When Heracles returned with the Erymanthian Boar, Eurystheus was again frightened and hid in his jar, begging Heracles to get rid of the beast; Heracles obliged.

The fifth labour proposed by Eurystheus was to clear out the numerous stables of Augeias. Striking a deal with Augeias, Heracles proposed a payment of a tenth of Augeias' cattle if the labour was completed successfully. Not believing the task feasible, Augeias agreed, asking his son Phyleus to witness.
Heracles rerouted two nearby rivers (Alpheis and Peneios) through the stable, clearing out the dung rapidly. When Augeias learned of Heracles' bargain for the task, he refused payment. Heracles brought the case to court, and Phyleus testified against his father. Enraged, Augeias banished both Phyleus and Heracles from the land before the court had cast their vote. However, Eurystheus refused to credit the labour to Heracles, as he had performed it for payment. So Heracles went and drove Augeias out of the kingdom and installed Phyleus as king. Heracles then took his tenth of the cattle and left them to graze in a field by his home.

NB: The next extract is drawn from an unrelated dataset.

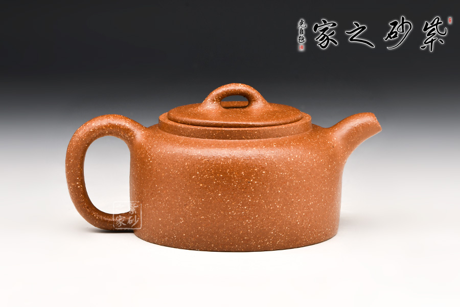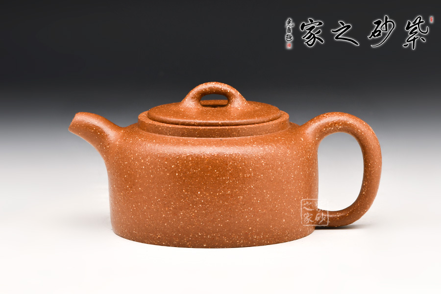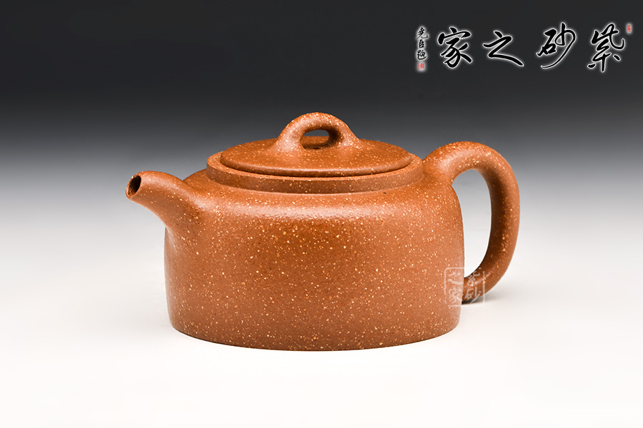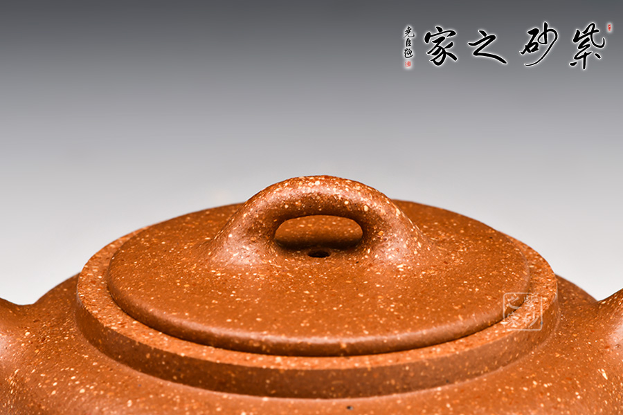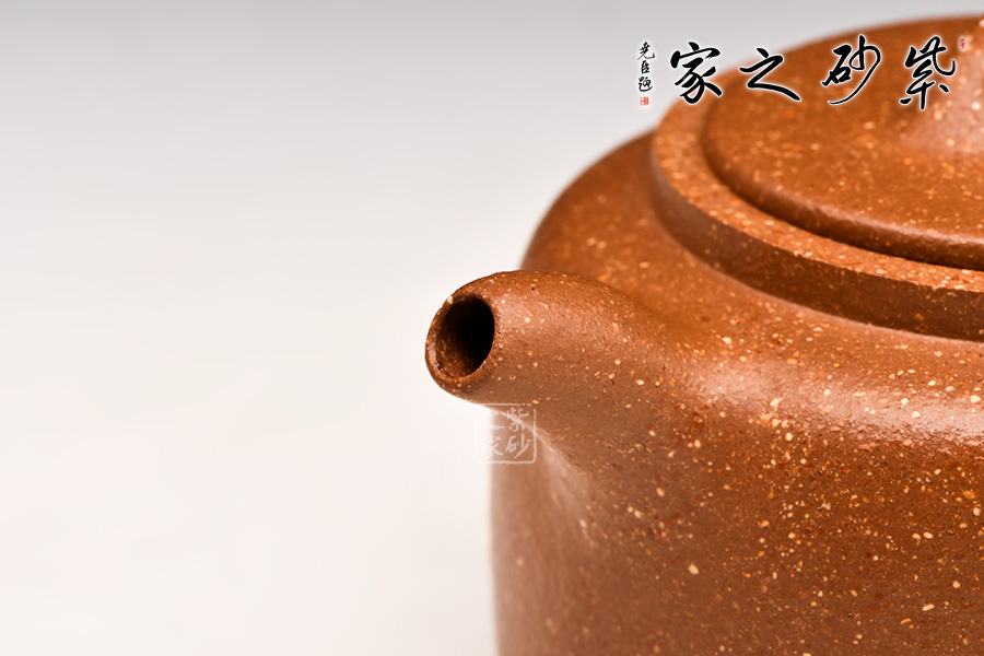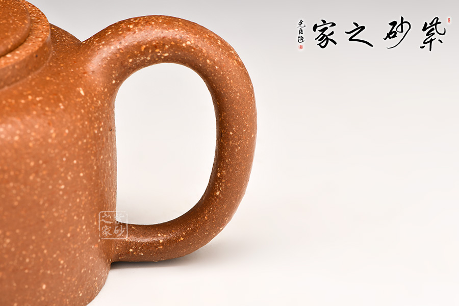 此壺壺身較矮但敦厚飽滿,橋型鈕與平蓋自然銜接,一彎嘴出水爽利干凈,耳形把略大,抓握方便。整器簡約大方,線條流暢,給人古樸厚重之感。

For his sixth labour, Heracles had to drive the Stymphalian Birds off the marshes they plagued. He did so, shooting down several birds with his Hydra-poisoned arrows and bringing them back to Eurystheus as proof.

For his seventh labour, Heracles captured the Cretan Bull. He used a lasso and rode it back to his cousin. Eurystheus offered to sacrifice the bull to Hera his patron, who hated Heracles. She refused the sacrifice because it reflected glory on Heracles. The bull was released and wandered to Marathon, becoming known as the Marathonian Bull.

When Heracles brought back the man-eating Mares of Diomedes successfully, Eurystheus dedicated the horses to Hera and allowed them to roam freely in the Argolid. Bucephalus, Alexander the Great's horse, was said to be descended from these mares.

To acquire the belt of Hippolyte, queen of the Amazons, was Heracles' ninth task. This task was at the request of Eurystheus' daughter, Admete. For the tenth labour, he stole the cattle of the giant Geryon, which Eurystheus then sacrificed to Hera.

To extend what may have once been ten Labours to the canonical dozen, it was said that Eurystheus didn't count the Hydra, as he was assisted, nor the Augean stables, as Heracles received payment for his work. For the eleventh labour, Heracles had to obtain the Apples of the Hesperides; he convinced their father, the Titan Atlas, to help him, but did his share of work by temporarily holding up the sky in the Titan's stead. For his final labour, he was to capture Cerberus, the three-headed hound that guarded the entrance to Hades. When he managed to bring the struggling animal back, the terrified Eurystheus hid in his jar one more time, begging Heracles to leave for good and take the dog with him.

===Death===
After Heracles died, Eurystheus remained bitter over the indignity the hero had caused him. He attempted to destroy Heracles' many children (the Heracleidae, led by Hyllus), who fled to Athens. He attacked the city but was soundly defeated, and Eurystheus and his sons were killed. Though it is widely told that Hyllus killed Eurystheus, the stories about the killer of Eurystheus and the fate of his corpse vary, but the Athenians believed the burial site of Eurystheus remained on their soil and served to protect the country against the descendants of Heracles, who traditionally included the Spartans and Argives.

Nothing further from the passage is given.